MAMA-MIA: A large-scale multicenter breast cancer DCE-MRI benchmark dataset with expert segmentations

Welcome to the MAMA-MIA dataset repository! This dataset contains 1,506 cases of breast cancer dynamic contrast-enhanced magnetic resonance images (DCE-MRI) with expert tumor segmentations. Below, you will find all the necessary information to download and use the dataset, as well as instructions on how to run inference using our pre-trained nnUNet model.

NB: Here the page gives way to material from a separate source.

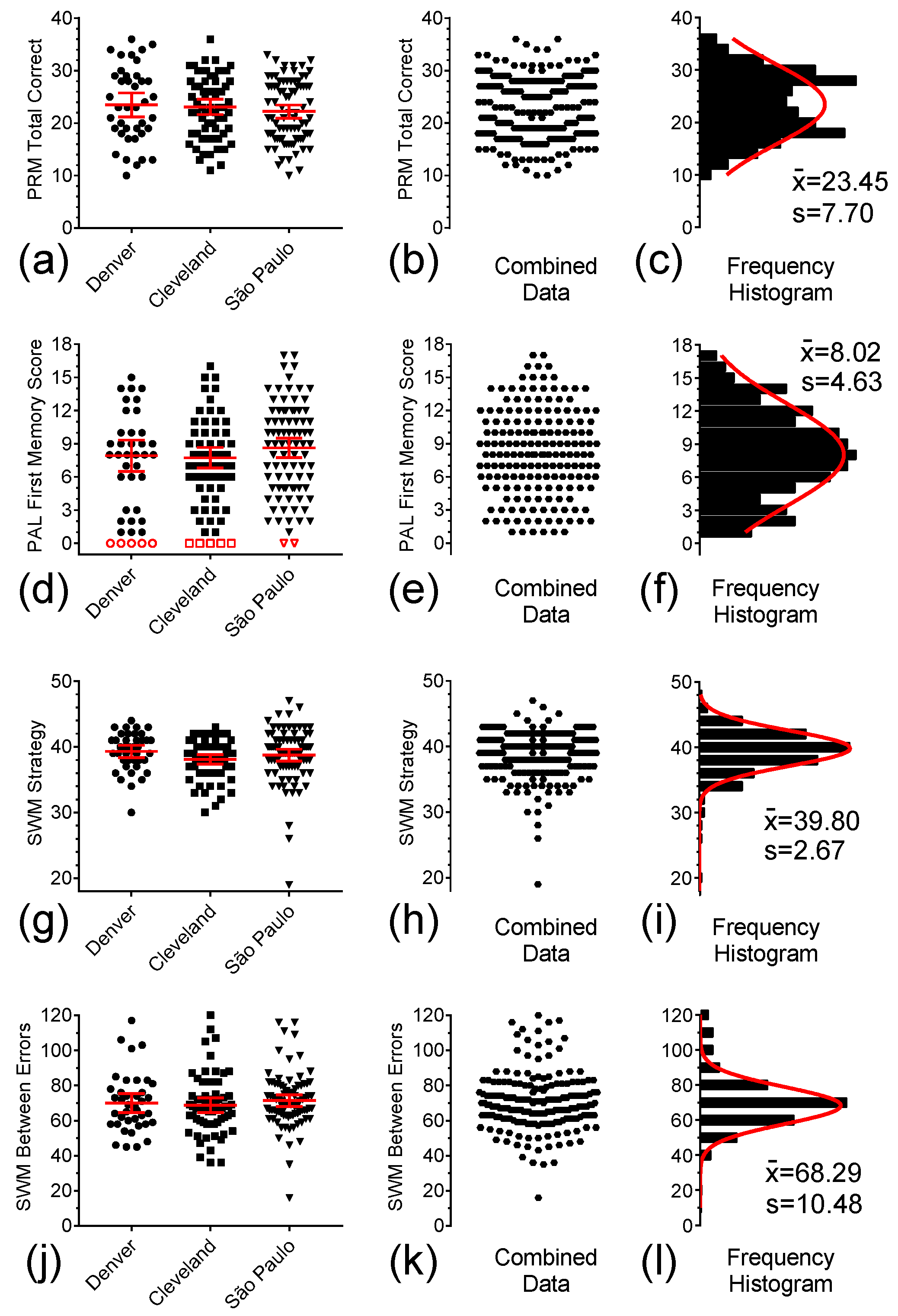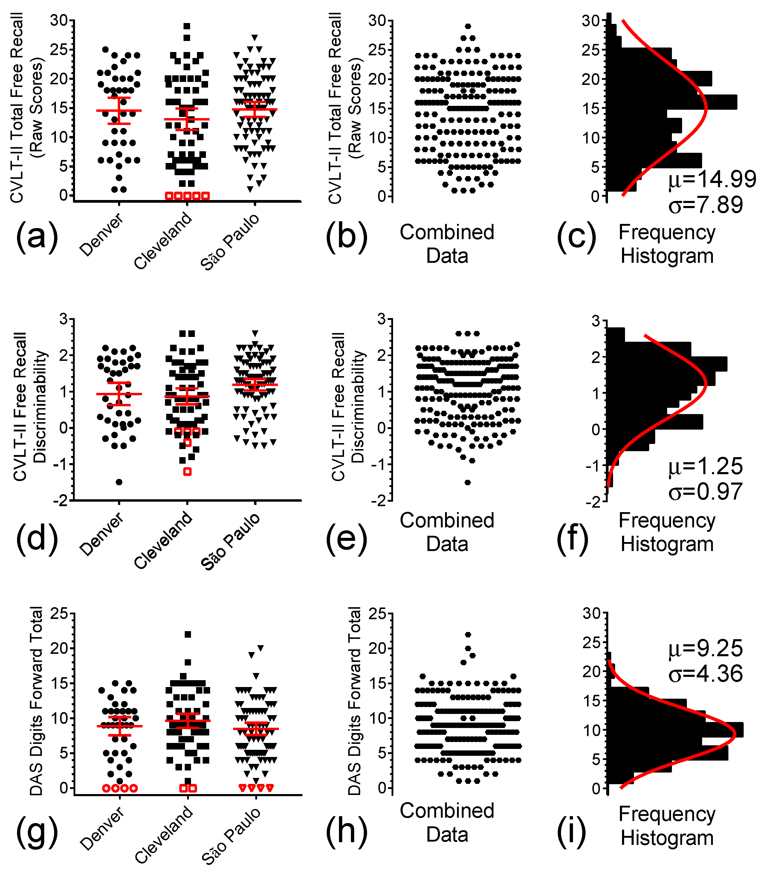 Figure 2a–f depicts the individual Free-Recall Total raw scores and Free-Recall Discriminability scores for the participants in the three study sites. (In this and all similar graphs in this paper, open symbols represent floor scores, which were not used in statistical comparisons between groups.) ANOVA of the data in Figure 2a did not reveal any significant difference in the mean Free-Recall Total raw scores among the three study sites (See Table 1 for statistical results). Consequently, in Figure 2b, the data of these sites were combined, which generated the histogram shown in Figure 2c. The non-linear curve fitting of the frequency histogram resulting from these data produced a Gaussian curve with a mean sample value ( x ¯ ) of 14.99 (95% CI 12.67 to 17.15) and standard deviation (s) of 7.89. In panels d-f of Figure 2, a similar analysis was performed for the Free-Recall Discriminability scores. (Note that, for consistency, the open symbols here refer to the data from the same individuals with floor performance as assessed by the Free-Recall Total raw scores.) Although the p value was very close to reaching significance criterion, no significant difference was found for the mean Free-Recall Discriminability scores among the three study sites. Therefore, data were combined in Figure 2e, and these combined data were fit with a Gaussian function with x ¯ = 1.26 (95% CI 1.04 to 1.49) and s = 0.97 (95% CI 0.76 to 1.27).

If you use the MAMA-MIA dataset or the pretrained model in your research, please cite our publication and the dataset publications of the images included in the dataset.

BibTex:

@article{garrucho2025,
  title={A large-scale multicenter breast cancer DCE-MRI benchmark dataset with expert segmentations},
  author={Garrucho, Lidia and Kushibar, Kaisar and Reidel, Claire-Anne and Joshi, Smriti and Osuala, Richard and Tsirikoglou, Apostolia and Bobowicz, Maciej and Riego, Javier del and Catanese, Alessandro and Gwoździewicz, Katarzyna and Cosaka, Maria-Laura and Abo-Elhoda, Pasant M and Tantawy, Sara W and Sakrana, Shorouq S and Shawky-Abdelfatah, Norhan O and Salem, Amr Muhammad Abdo and Kozana, Androniki and Divjak, Eugen and Ivanac, Gordana and Nikiforaki, Katerina and Klontzas, Michail E and García-Dosdá, Rosa and Gulsun-Akpinar, Meltem and Lafcı, Oğuz and Mann, Ritse and Martín-Isla, Carlos and Prior, Fred and Marias, Kostas and Starmans, Martijn P A and Strand, Fredrik and Díaz, Oliver and Igual, Laura and Lekadir, Karim},
  journal = {Scientific Data},
  year = {2025},
  doi = {10.1038/s41597-025-04707-4},
  pages = {453},
  number = {1},
  volume = {12}
}

Potential Applications

Some of the potential applications of the dataset are:

Classification, Detection and Segmentation of Breast Cancer in MRI using Deep Learning.
Radiomic extraction and Machine Learning.
Segmentation Model Finetuning using the Pretrained nnUNet Weigths.
Fine-tuning of Foundational Models.
Treatment Response to Neoadjuvant Chemotherapy.
Patient Survival Prediction.
Segmentation Quality Control.
Image Synthesis.

Repository Structure

├── README.md                     # Project overview, setup instructions, and usage details
├── requirements.txt              # List of Python package dependencies for running the project
├── nnUNet                        # Forked nnUNet GitHub repository for training the automatic segmentation model
├── notebooks                      # Jupyter Notebooks for project demos and examples
│   ├── demo_preprocessing_pipeline.ipynb   # Demonstrates common MRI preprocessing steps (e.g., bias field correction, normalization, resampling)
│   ├── display_clinical_data.ipynb         # Example on how to parse and visualize clinical data from the dataset
│   └── display_segmentations.ipynb         # Various methods for displaying MRI images and their corresponding segmentation masks
└── src                             # Python source code used in the Jupyter Notebooks
    ├── clinical_data.py           # Functions for handling and processing clinical data
    ├── preprocessing.py           # Preprocessing functions
    └── visualization.py           # Functions for visualizing images, segmentations, and metrics

Downloading the Dataset

The MAMA-MIA dataset is hosted on Synapse. You can download the dataset using the CLI or Python with the following code:

Command Line Interface (CLI)

synapse get syn60868042

Python

import synapseclient
syn = synapseclient.Synapse()
syn.login()
entity = syn.get("syn60868042")

Check Synapse documentation for more info.

Content

Expert Segmentations

Running Inference with nnUNet pre-trained model

The pre-trained vanilla nnUNet model has been trained using the 1506 full-image DCE-MRIs and the expert segmentations from the MAMA-MIA dataset.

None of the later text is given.